В дверь заколотили. Ро подошел к двери и распахнул ее. Ванька проскочил в комнату:
— Профессор! Скорее! Там… Стас… Я зашел, а он лежит, я сначала подумал — спит, потом подумал… Пойдемте, Профессор, а?
Петр Евгеньевич поднялся на ноги.
— Вы с нами, Родион Родионович?
— Конечно.
Один за другим они вышли из комнатки Ро и двинулись по узкому, ярко освещенному лампами дневного света коридору.
— Петр Евгеньич, а как же так, а? — беспокойно спросил Ванька.
— Случается, к сожалению, — ответил Профессор и поглядел на Ро.
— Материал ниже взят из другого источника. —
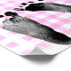 Pegadas pretas de bebê em fundo xadrez branco e rosa para jogo de Baby Shower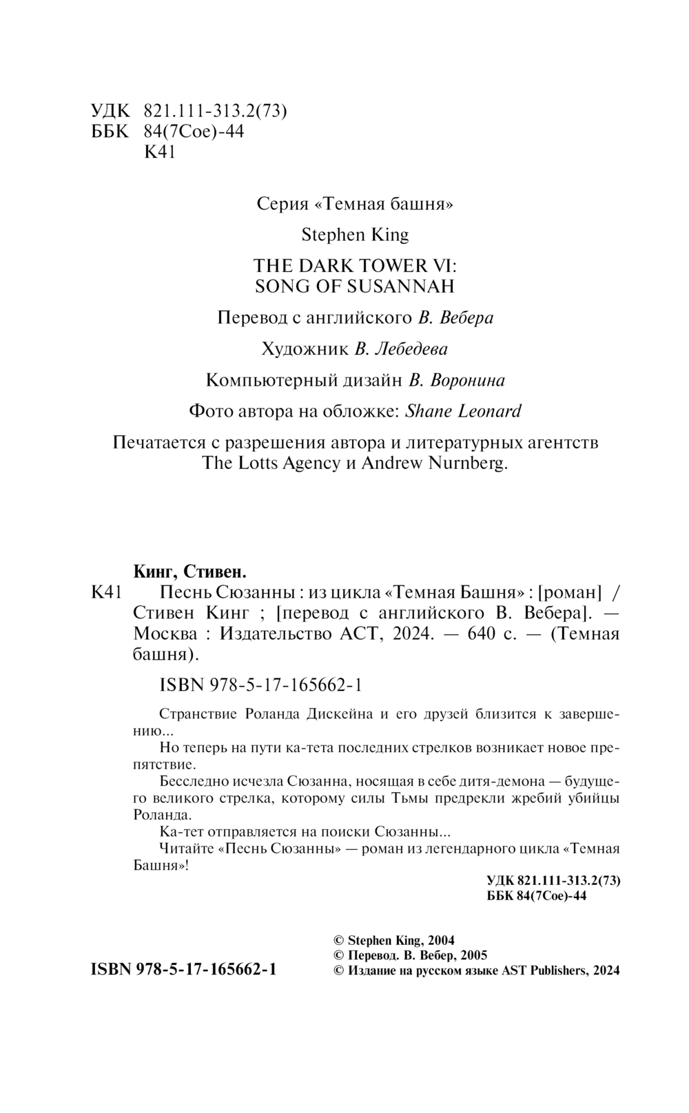 | Название в оригинале | The Dark Tower VI: Song of Susannah |

Ро кивнул. Он помнил, что Ванька сам недавно перезагружался. Стоит ли тащить его к Стасу, где он непременно все узнает, и, возможно, сам завтра будет лежать в темноте, дожидаясь, пока память избавится от лишнего груза?
Увы, это было неизбежно.
Собственное существование представлялось Ро похожим на лабиринт. Карта лабиринта, которую каждый из них держал в руках, рано или поздно оказывалась исчерченной линиями. Тогда, наконец, они обнаруживали себя в последнем тупике и понимали, что блуждания бессмысленны и выхода просто нет.
А другого лабиринта не будет.
И каждый из них, подождав кто-то больше, кто-то меньше, принимал решение стереть все линии на карте и начать блуждания сначала, с новой, пусть и заведомо тщетной надеждой на выход.
Ро не знал точно, сколько раз перезагружался сам. Знал только, что существует так уже около семи лет. И что через три дня будет полгода, как продолжается его очередной путь к безнадежности.
Стас уже приходил в себя. Ро, Профессор и Ванька склонились над ним.
— Ты живой? — спросил Ванька.
— Нет, — ответил за Стаса Ро.
— Сейчас придет в себя, — одновременно произнес Петр Евгеньевич.
Переглянулись.
— Пессимистичны вы, Родион Родионович, — покачал головой Профессор.
— В данном случае пессимистичны вы, — мрачно откликнулся Ро.
— Не буду с вами спорить.
Стас открыл глаза.
Ро вздохнул со смесью зависти и жалости. Для Стаса блуждания начинаются заново.
Но сперва ему предстоит узнать, что он уже шесть лет как мертв.